* [Work to be completed]
Write out the entries below exactly, but only from the line containing "Тумба под раковину" through the line containing "기도가 끝나고 스님은 카메라를 향해 돌아앉아 법문을 시작했습니다.", and without the pictures.

* [Records to use]
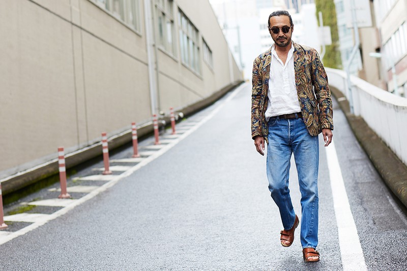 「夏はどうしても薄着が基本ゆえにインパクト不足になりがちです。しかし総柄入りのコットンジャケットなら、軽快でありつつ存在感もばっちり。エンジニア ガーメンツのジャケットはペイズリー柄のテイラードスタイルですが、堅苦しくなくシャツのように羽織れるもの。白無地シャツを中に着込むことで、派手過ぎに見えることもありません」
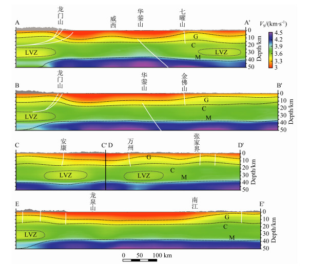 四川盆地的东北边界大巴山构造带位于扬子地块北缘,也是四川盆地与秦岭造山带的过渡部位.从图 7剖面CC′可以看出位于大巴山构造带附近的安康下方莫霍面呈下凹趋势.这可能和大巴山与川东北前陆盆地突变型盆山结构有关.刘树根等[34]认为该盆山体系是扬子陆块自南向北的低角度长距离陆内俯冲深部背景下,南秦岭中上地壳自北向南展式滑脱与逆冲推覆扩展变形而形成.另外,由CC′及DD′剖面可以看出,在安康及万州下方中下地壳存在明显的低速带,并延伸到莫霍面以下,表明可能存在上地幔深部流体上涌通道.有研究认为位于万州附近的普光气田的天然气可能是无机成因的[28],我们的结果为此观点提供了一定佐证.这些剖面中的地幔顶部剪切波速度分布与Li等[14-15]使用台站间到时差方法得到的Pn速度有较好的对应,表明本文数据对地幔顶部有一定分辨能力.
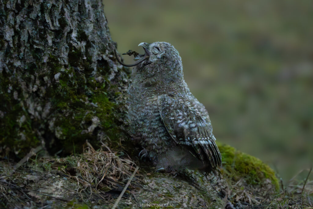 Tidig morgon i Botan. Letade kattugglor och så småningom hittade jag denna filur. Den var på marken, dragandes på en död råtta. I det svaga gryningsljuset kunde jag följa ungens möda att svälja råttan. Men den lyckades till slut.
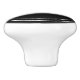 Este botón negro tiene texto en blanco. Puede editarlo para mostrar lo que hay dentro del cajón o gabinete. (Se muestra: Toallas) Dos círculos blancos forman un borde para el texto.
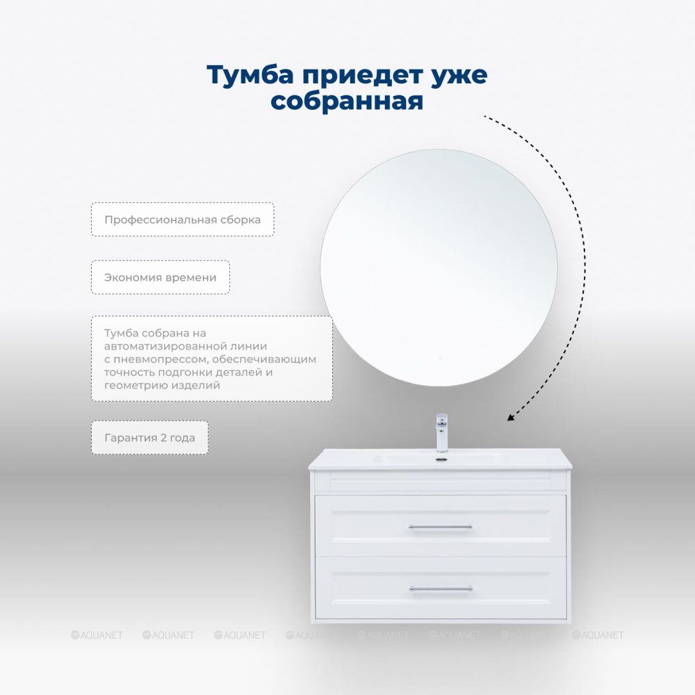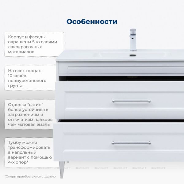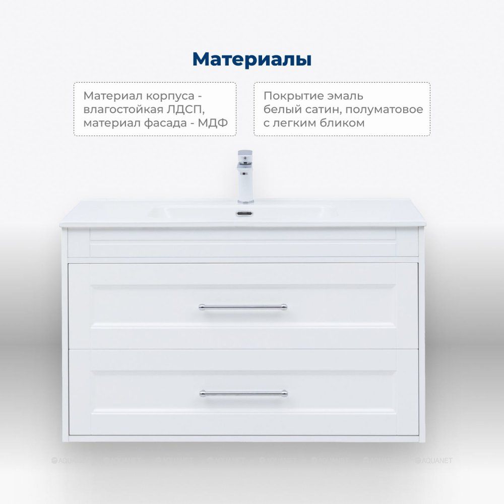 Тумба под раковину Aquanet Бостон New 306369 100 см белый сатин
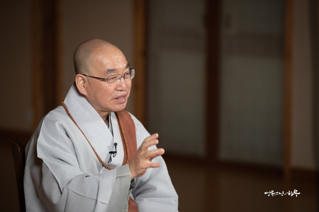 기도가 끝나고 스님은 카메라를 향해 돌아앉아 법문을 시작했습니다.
--
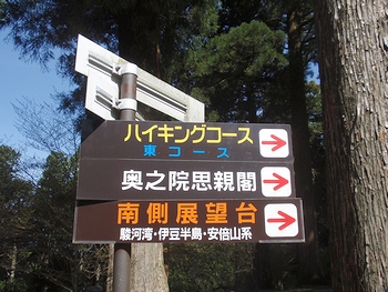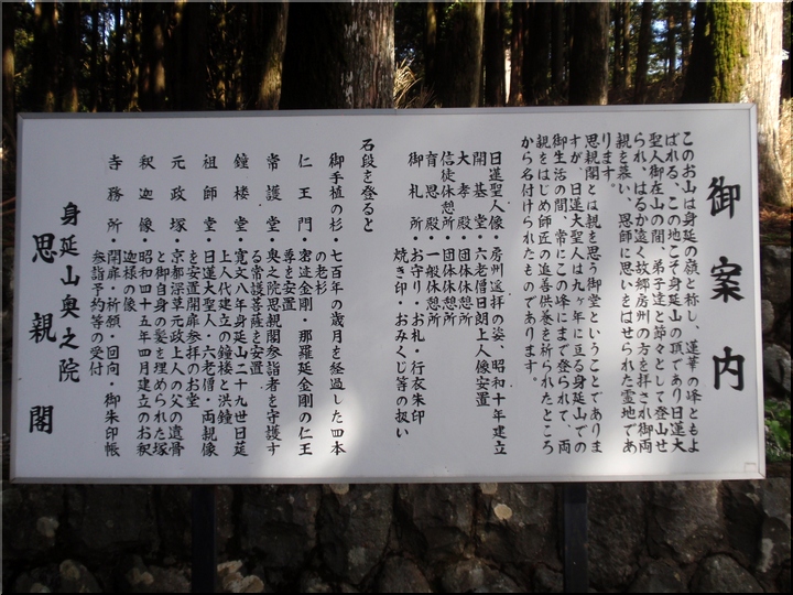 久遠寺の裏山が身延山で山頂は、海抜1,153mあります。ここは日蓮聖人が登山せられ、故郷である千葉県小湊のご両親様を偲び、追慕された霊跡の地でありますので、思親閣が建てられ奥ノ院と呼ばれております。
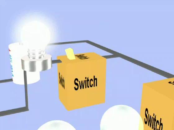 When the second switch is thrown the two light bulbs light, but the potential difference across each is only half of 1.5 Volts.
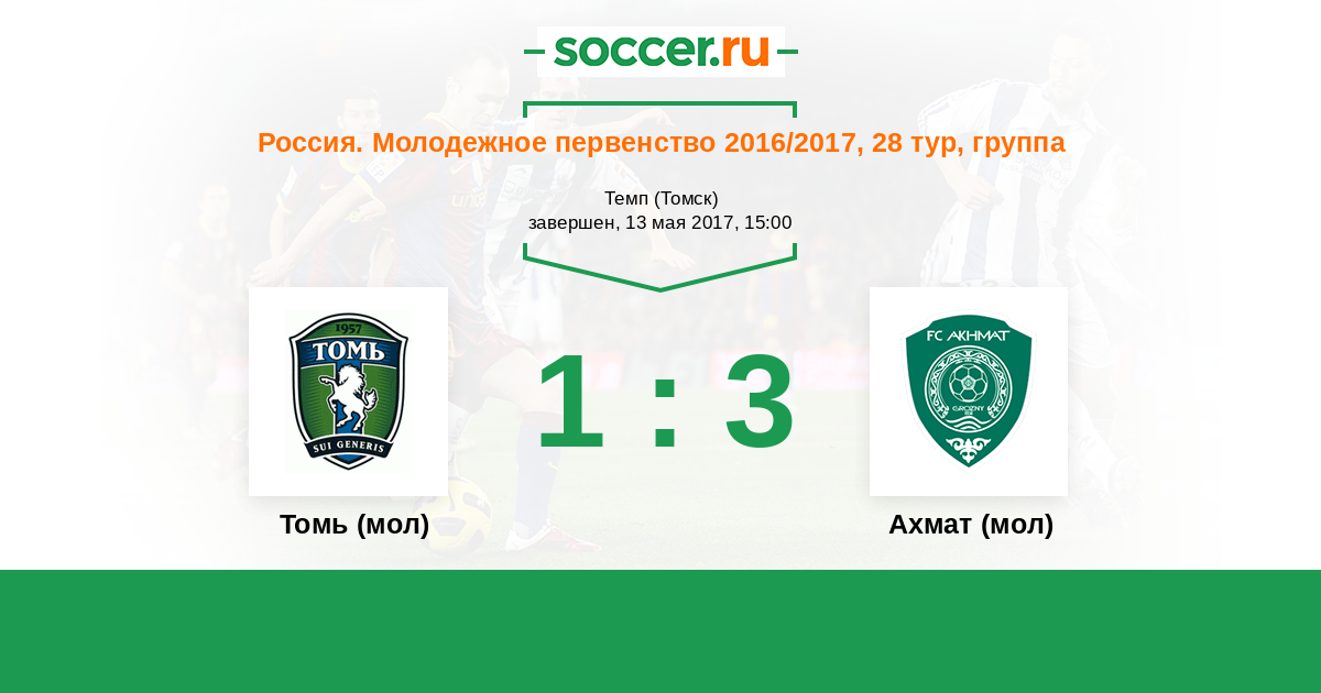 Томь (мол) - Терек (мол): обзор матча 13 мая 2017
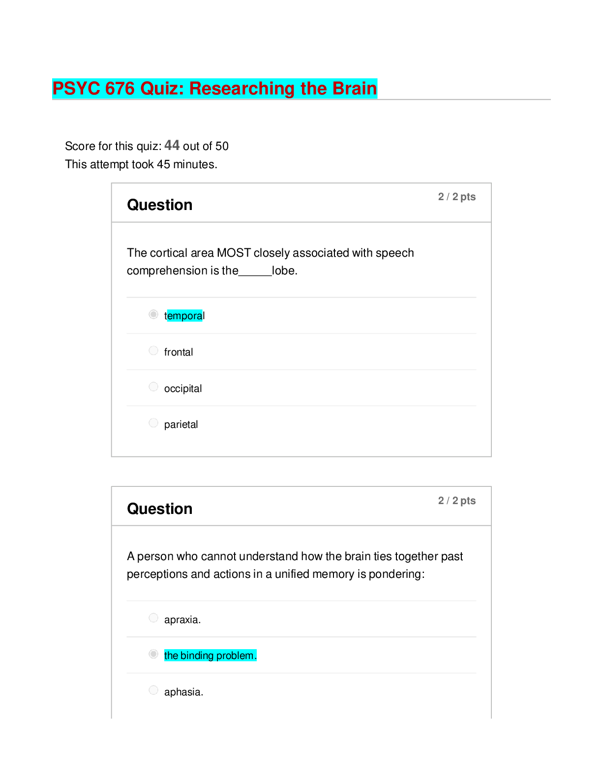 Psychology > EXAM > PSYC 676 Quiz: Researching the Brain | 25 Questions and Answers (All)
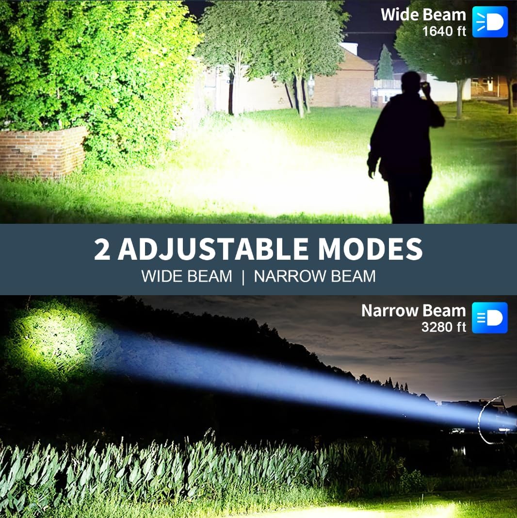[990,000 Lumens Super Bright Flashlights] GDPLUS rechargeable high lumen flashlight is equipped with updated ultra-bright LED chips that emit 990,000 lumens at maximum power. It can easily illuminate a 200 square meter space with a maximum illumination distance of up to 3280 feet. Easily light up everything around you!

* [Exercise output]
 Тумба под раковину Aquanet Бостон New 306369 100 см белый сатин
 기도가 끝나고 스님은 카메라를 향해 돌아앉아 법문을 시작했습니다.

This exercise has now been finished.